### Exercise details
Once the line with "Рис.21. Эпюра давлений" is found in the entries below, repeat it and each following line exactly, up to and including the line with "Kaffet mugg har". Add no other lines.

### Stored data
*** Begin section ***

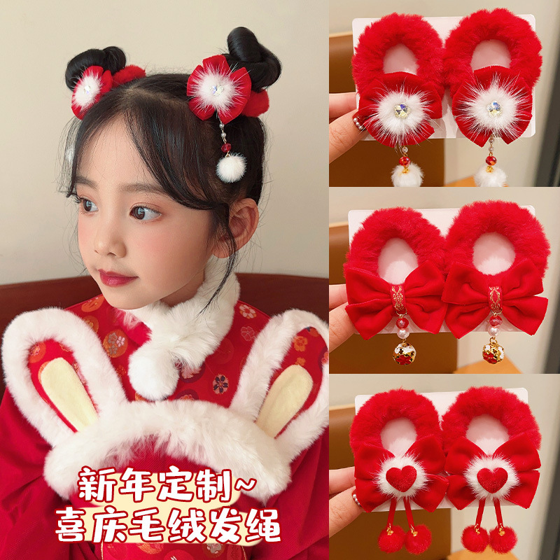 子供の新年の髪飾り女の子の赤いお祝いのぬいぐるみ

*** End section ***
*** Begin section ***

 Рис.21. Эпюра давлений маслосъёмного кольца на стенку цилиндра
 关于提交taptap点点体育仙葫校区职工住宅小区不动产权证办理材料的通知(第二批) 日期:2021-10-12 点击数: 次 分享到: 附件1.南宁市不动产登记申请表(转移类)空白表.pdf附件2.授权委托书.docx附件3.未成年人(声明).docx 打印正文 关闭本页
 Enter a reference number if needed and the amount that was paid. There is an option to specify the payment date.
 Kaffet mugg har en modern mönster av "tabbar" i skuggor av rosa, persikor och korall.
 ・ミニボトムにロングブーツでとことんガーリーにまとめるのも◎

*** End section ***
*** Begin section ***

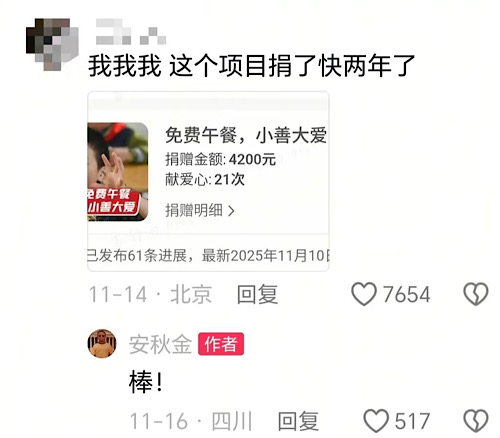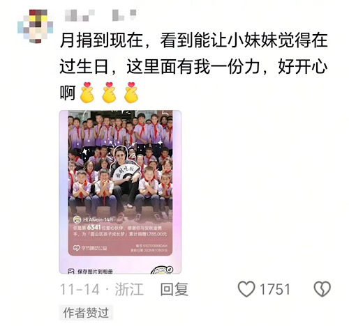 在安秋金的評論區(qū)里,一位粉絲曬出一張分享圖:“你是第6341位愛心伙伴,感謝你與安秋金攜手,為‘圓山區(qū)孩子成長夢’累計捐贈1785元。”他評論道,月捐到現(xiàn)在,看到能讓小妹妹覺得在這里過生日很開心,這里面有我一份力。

*** End section ***

### Response to the task
 Рис.21. Эпюра давлений маслосъёмного кольца на стенку цилиндра
 关于提交taptap点点体育仙葫校区职工住宅小区不动产权证办理材料的通知(第二批) 日期:2021-10-12 点击数: 次 分享到: 附件1.南宁市不动产登记申请表(转移类)空白表.pdf附件2.授权委托书.docx附件3.未成年人(声明).docx 打印正文 关闭本页
 Enter a reference number if needed and the amount that was paid. There is an option to specify the payment date.
 Kaffet mugg har en modern mönster av "tabbar" i skuggor av rosa, persikor och korall.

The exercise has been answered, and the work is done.